The Missouri House passed a proposed ballot item on Thursday that would authorize bonds to construct a cavalcade of higher education construction projects.
The measure sponsored by Rep. Chris Kelly, D-Columbia, would fund the primary capital improvement priorities of the state’s colleges and universities. It would also fund all of the unfinished projects from the partial asset sale of the Missouri Higher Education Loan Authority, including the Ellis Fischel Cancer Hospital in Columbia.
If Kelly’s measure is approved by the voters, the legislature would come back and approve legislation with various capital improvement projects. As the projects made headway, the state would issue bonds to pay off the costs.
With interest costs low and another series of bonds being paid off in several years, Kelly has positioned the bond plan as a good way to help universities and provide a stimulus to construction contractors.
“With certain kinds of bonds, the federal government will pick up… 35 percent of the interest costs as part of the stimulus legislation,” Kelly said. “The market has never been better for [general obligation] bonds. They’re very desirable because they’re safe. People are looking for safe places for their money.”
While Kelly’s measure passed 131-28, some Republicans expressed trepidation before the proposal was sent to the Missouri Senate.

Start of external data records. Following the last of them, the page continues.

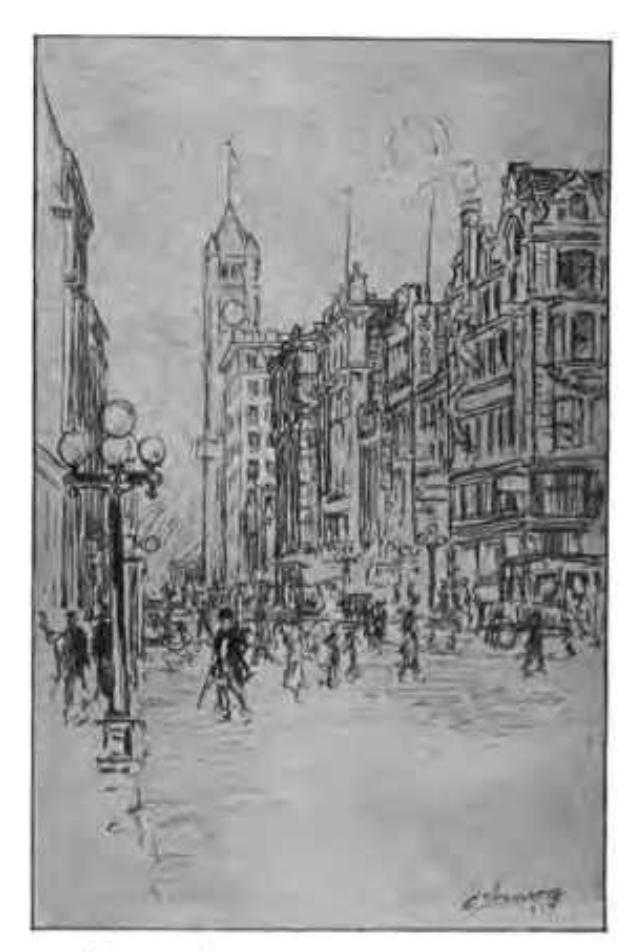
FOURTH STREET LOOKING EAST FROM NICOLLET AVENUE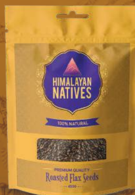
Roasted Flax Seeds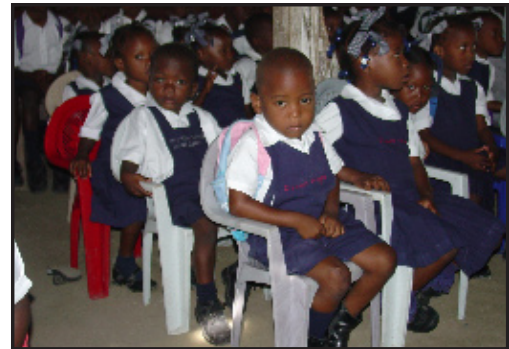
Preschoolers in Haiti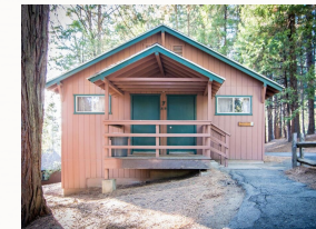
Mountain View cabin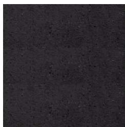
Precast Concrete Black Marble Sandblasted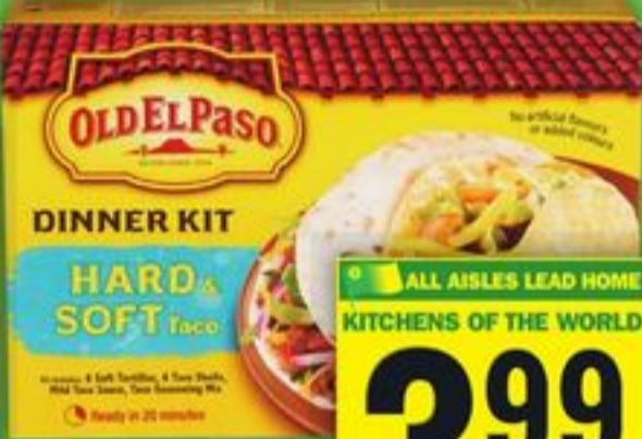
OLD EL PASO TACO KIT 250 / 400 G SALSA 500 ML SELECTED VARIETIES

ALL AISLES LEAD HOME KITCHENS OF THE WORLD 3.99 EACH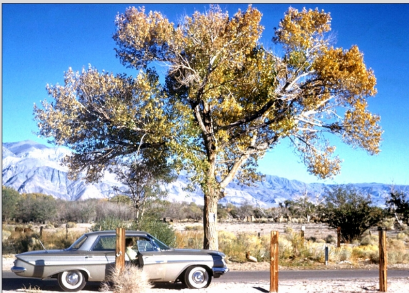
Near Lone Pine, 1961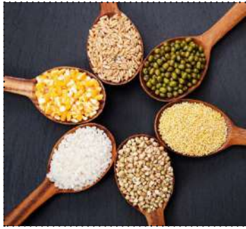
Millets make healthy food

The Buyer Seller Meet was organized in association with Indian Mission in UAE headed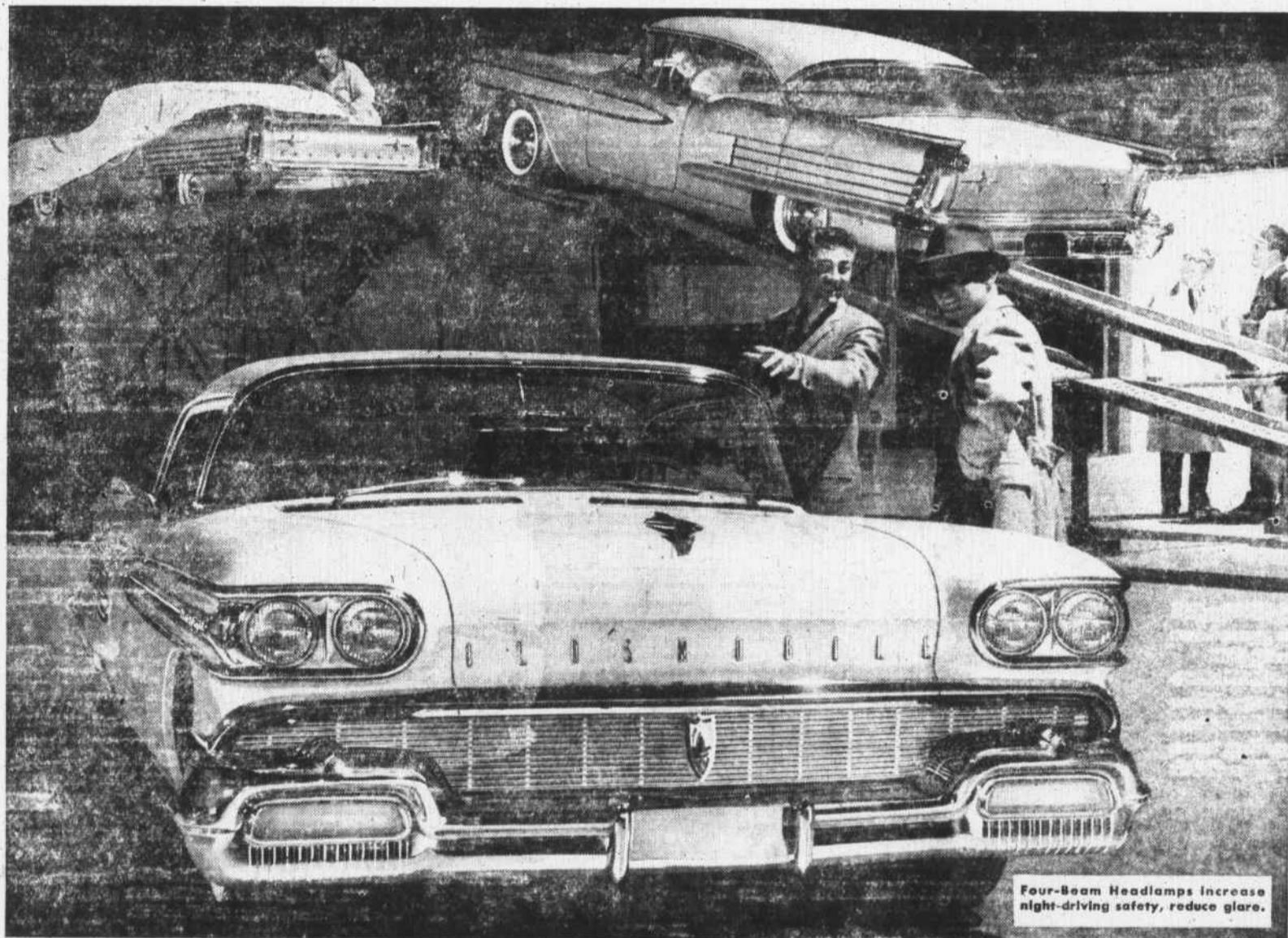
Four-Beam Headlamps increase night-driving safety, reduce glare.

... THE NEW WAY OF GOING PLACES IN THE ROCKET AGE !

Rep. Mike Dethrow, R-Alton, said he was concerned about increasing the state’s debt load, especially during sour economic times.
“I don’t want our legislature to be looked upon like our Congress is looked on at this time as they borrowing money to [hurt] the future of our children and grandchildren,” Dethrow said. “I know we can’t borrow our way to prosperity or spend our way to prosperity.”

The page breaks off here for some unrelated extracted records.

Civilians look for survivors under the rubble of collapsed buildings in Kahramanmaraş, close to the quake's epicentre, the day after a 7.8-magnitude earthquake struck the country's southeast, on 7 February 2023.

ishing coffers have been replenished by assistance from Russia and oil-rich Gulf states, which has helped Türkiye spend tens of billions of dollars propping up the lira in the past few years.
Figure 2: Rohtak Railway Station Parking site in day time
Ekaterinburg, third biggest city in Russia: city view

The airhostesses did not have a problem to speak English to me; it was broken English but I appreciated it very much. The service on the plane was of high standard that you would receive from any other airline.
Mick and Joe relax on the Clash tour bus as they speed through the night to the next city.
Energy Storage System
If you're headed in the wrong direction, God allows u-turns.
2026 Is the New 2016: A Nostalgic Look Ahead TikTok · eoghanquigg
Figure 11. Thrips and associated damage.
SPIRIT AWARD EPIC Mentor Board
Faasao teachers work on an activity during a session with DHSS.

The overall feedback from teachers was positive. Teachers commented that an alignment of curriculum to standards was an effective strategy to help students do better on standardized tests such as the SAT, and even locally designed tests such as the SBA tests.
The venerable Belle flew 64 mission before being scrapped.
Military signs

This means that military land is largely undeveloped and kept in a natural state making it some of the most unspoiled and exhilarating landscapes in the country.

Kelly said if his proposal passes, the state would be borrowing for long-term capital improvements. The federal government, he said, is borrowing in order pay for ongoing activities of government.
He added that bonding is traditionally seen as the most prudent way to pursue capital improvement projects.
“To some extent, I think that is people who haven’t thought all the way through the reality that the state is always going to do big new construction with some kind of borrowing,” Kelly said. “If that is so, then the question about issuance become not if – but when. If the question is when, then when is never better than now.”
The Senate will still need to approve Kelly’s proposal before it goes to the voters. If that happens, voters will decide the issue either in November 2010 or if Gov. Jay Nixon calls a special election.